The terminology “eternal life” - as John tends to use it - is often misunderstood, which is speaking of a present relationship with God, not legal entitlement to Heaven: as John 17:3 virtually defines the whole essence of it: “This is eternal life, that they know you the only true God, and Jesus Christ whom you have sent.” and 4:14, “The water that I will give him will become in him a spring of water welling up to eternal life.” and lastly 14:23, “If anyone loves me, he will keep my word, and my Father will love him, and we will come to him and make our home with him.” Notice that “eternal life” is a transformation in the individual’s soul when united to the life of the Trinity. Think about it, John is saying the epitome of eternal life is Jesus dwelling in your heart hear and now as a believer! Thus, properly understanding the grammar of the text, John 6:40 beautifully becomes: this is the will of the Father, that whomever continues to look upon Jesus and continues to believe in Jesus, will continue having personal unity with the Trinity in their soul.

Another important point Vocab focuses upon is Jesus’ intercession for protection for his disciples, arguing this indicates eternal security. I think this is assuming too much. Jesus can and does intercede for disciples for various needs at various times, and His intercession is efficacious. That doesn’t necessitate Jesus always intercedes at all times for every protection (else you’d have to argue Jesus totally abandons believers when they are martyred or that when a believer turns to sin Jesus failed to stop them). A good example of this principle - that Jesus doesn’t interceded for every protection or blessing at every time - is the very passage Vocab cites, Luke 22:31-32, where Jesus prayed singularly for Peter (using the singular ‘you’) in the midst of all the Apostles abandoning Christ when the soldiers came to crucify Him. The Apostles truly turned away at that point, including the infamous account of Peter denying Jesus three times! Yet Christ’s intercession was so that Peter would be converted again and in turn bring back his brethren. Jesus did not protect Peter from gravely sinning and (temporary) apostasy, but He ensured Peter would repent and re-unite Himself to Christ and thus salvation. This getting back up when the believer falls is what Perseverance is all about!

In the third and final section of his Essay, Vocab focuses on the accounts mentioning Judas’ falling away. But note carefully the very first passage he quotes: In John 17:12 Jesus says, “While I was with them, I kept them in your name, which you have given me. I have guarded them, and not one of them has been lost except the son of destruction, that the Scripture might be fulfilled.” Here Jesus is speaking of all 12 Apostles, which he says He “kept” and which were “given” to Him, and that He protected and lost none - except one, Judas. This clearly confirms the Catholic interpretation: Jesus protected them under certain conditions, and this never included or guaranteed protection from personal sin, which is precisely how Judas was lost. The only way to harmonize the fact Jesus lost one of the 12 He was to protect is the Catholic interpretation.
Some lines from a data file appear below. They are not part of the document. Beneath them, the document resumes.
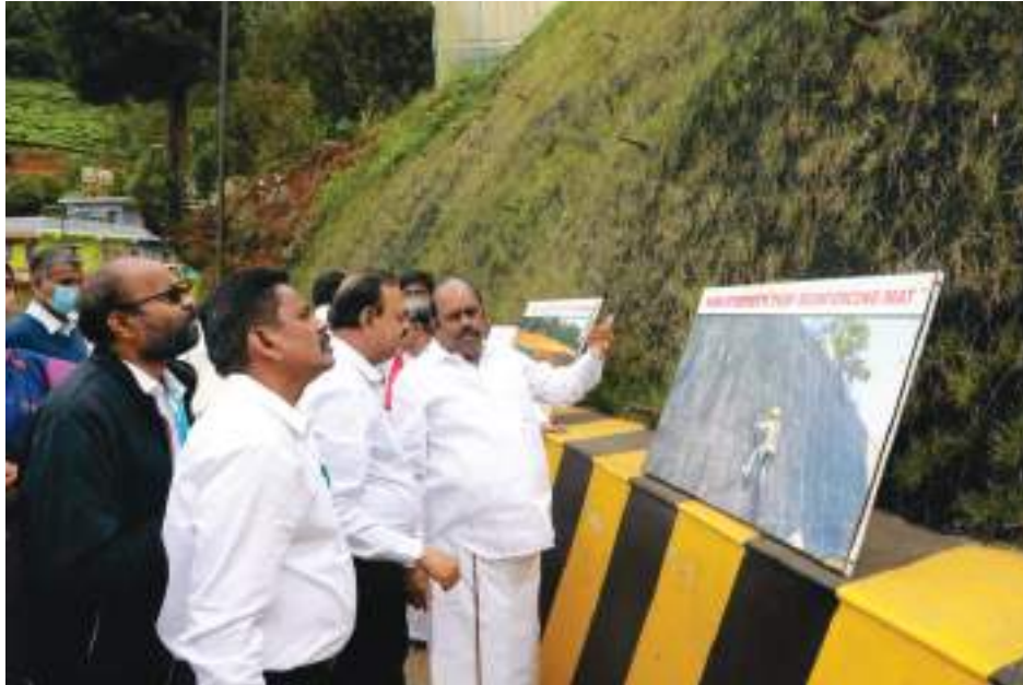
Controlling landslides using new technology in Udhagai Kothagiri Mettupalayam road - Inspected by Hon'ble Minister
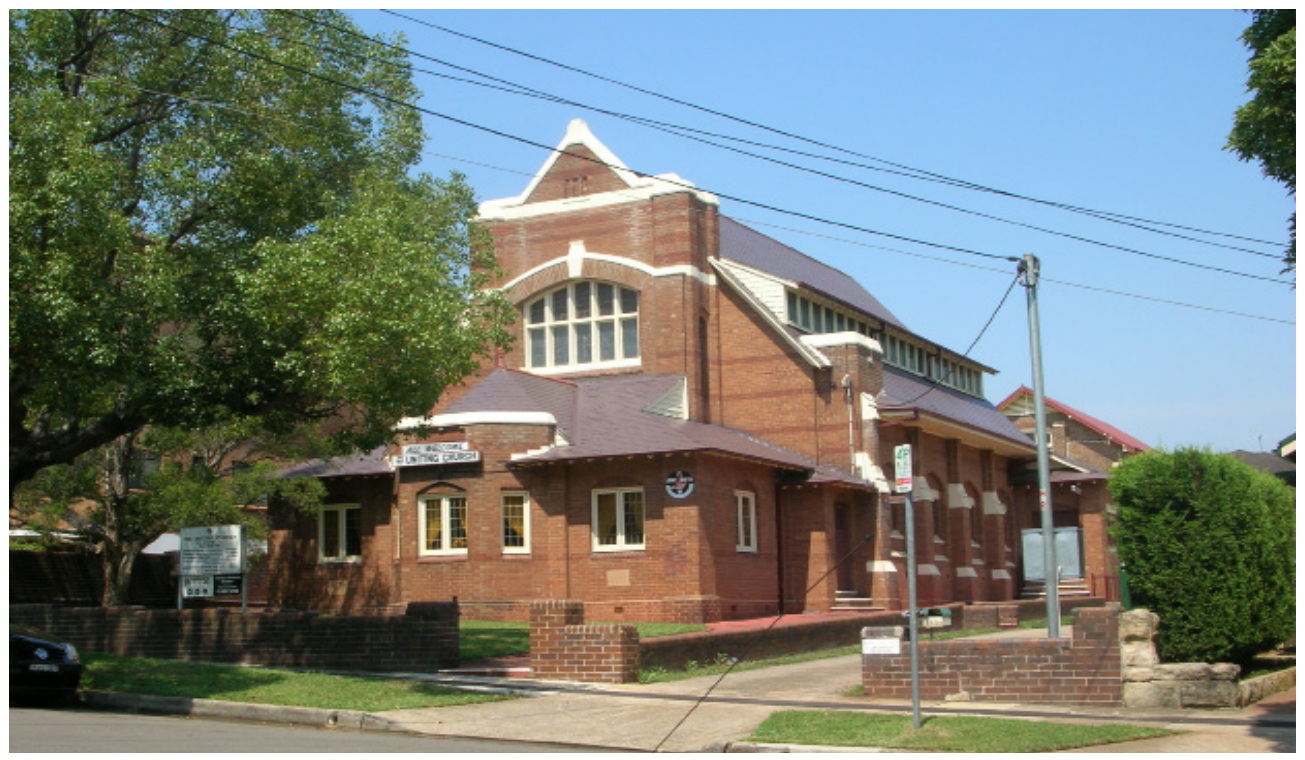
Drummoyne Uniting Church, 2007

Prominent architect Emil Soderstein designed the new church and the building was complete in 1931. The rose window at St Bede's was designed and made by Alfred Handel.
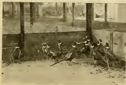
Chinese Pheasants at the State Game Farm
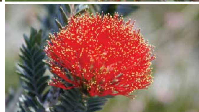
Top Honey possum. Above Barrens regelia ( Regelia velutina ).
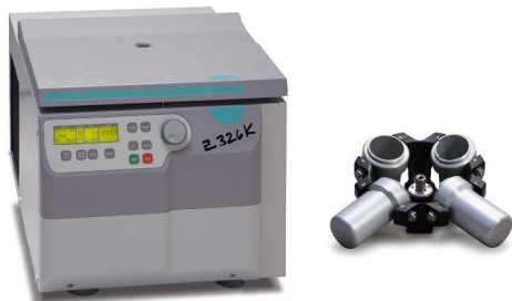
Refrigerated Universal Centrifuge Z 326 K

max. Speed: 13500 rpm max. Volume: 4 x 100 ml Example rotor: Swing out rotor 4 Places
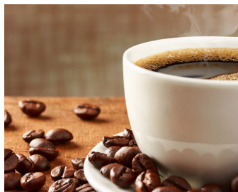
Express Cook for Single Touch Cooking for Up-To 6 Minutes
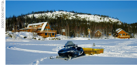
YELLOW DOG LODGE

We provide a licensed fishing guide and all the gear you need for a true Yellowknife ice fishing experience. You get to catch the fish and have all the fun! You'll stay warm and comfortable in our heated transportation as we ride out to our heated fishing tent. Perfect for anglers of all skill levels or the whole family, half-day trips start at $499 plus tax for four-person groups.
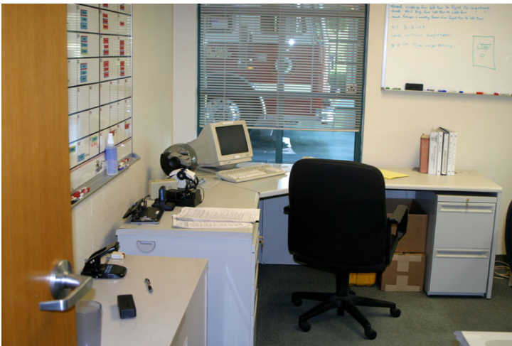
FS1-5 - Captain's Office to the left of the FAP closet
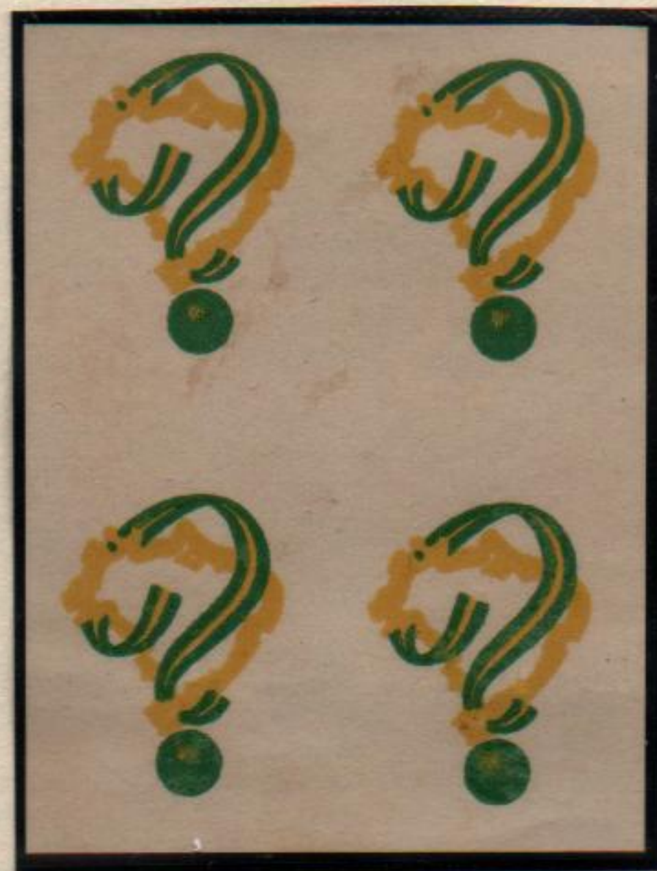
Partial essay proofs, yellow and green, no perforations or watermark.
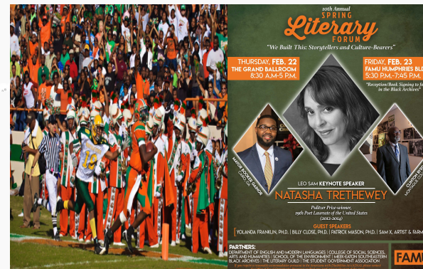
The Arts and History
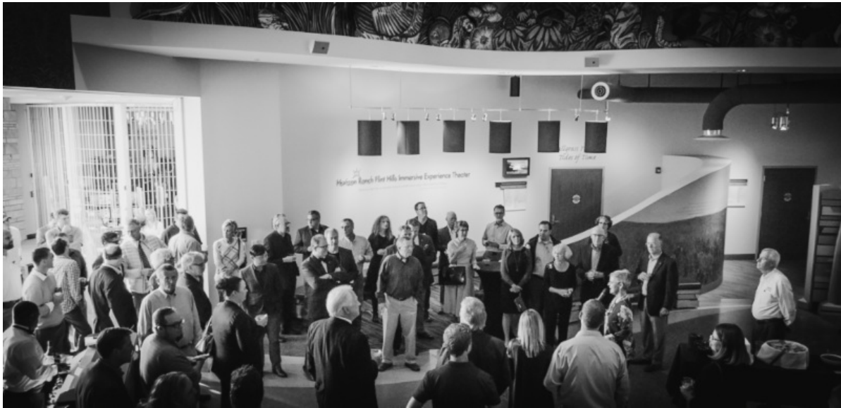
2016 AIA Central State Region Conference - Co-Hosted by APDesign this weekend
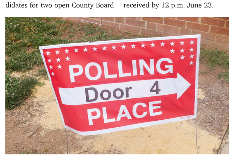
Election Day, June 20. All Arlington polling places are open from 6 a.m. to 7 p.m. Arlington Connection & June 21-27, 2023 & 3
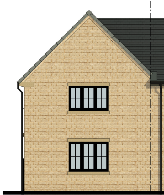
R.H. SIDE ELEVATION.
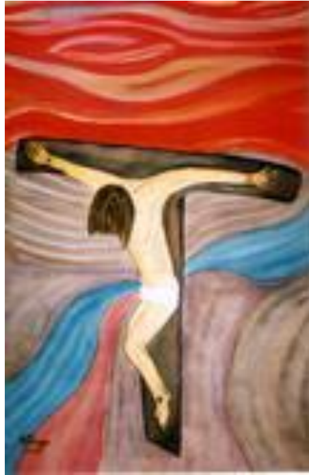
Magrit Prigge: Surely
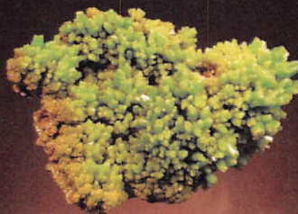
Pyromorphite Yangshuo, China
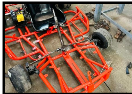
Fig 2. Steering System
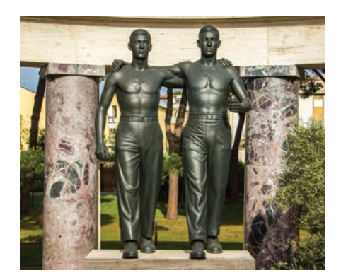
The "Brothers in Arms" sculpture is the central feature of the peristyle.

"The "Brothers In Arms" sculpture represents an American soldier arm in arm with an American sailor. The statue symbolizes the fraternity between the U.S. Army and Navy that was essential to the success of the three amphibious assaults in Italy during World War II. The two servicemembers can be distinguished via small differences in their identification tags, belt buckles, and trouser pockets. The bronze sculpture is by Paul Manship of New York. It was cast at the Battaglia Foundry in Milan.
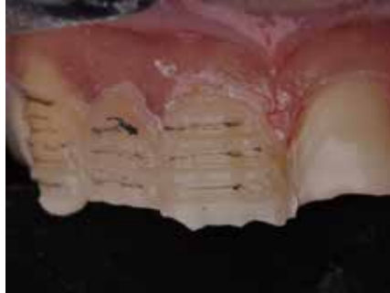
Fig. 5: Vestibular reduction
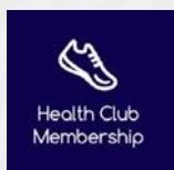
Health Club Membership

An offer to purchase an electric car by spreading the cost and also making savings on your Tax and National Insurance contributions via our salary sacrifice schemes.

From the way the Gospels speak, Judas actually was a genuine believer up until he began to become disillusioned with how Jesus was fulfilling the Messianic role, hence the reason the Bible says Judas “betrayed” Jesus (you can’t betray someone you never were loyal to).

I firmly maintain the Catholic view is the only one that both takes all the Scriptural evidence into account as well as the only view that is able to harmonize all Scripture.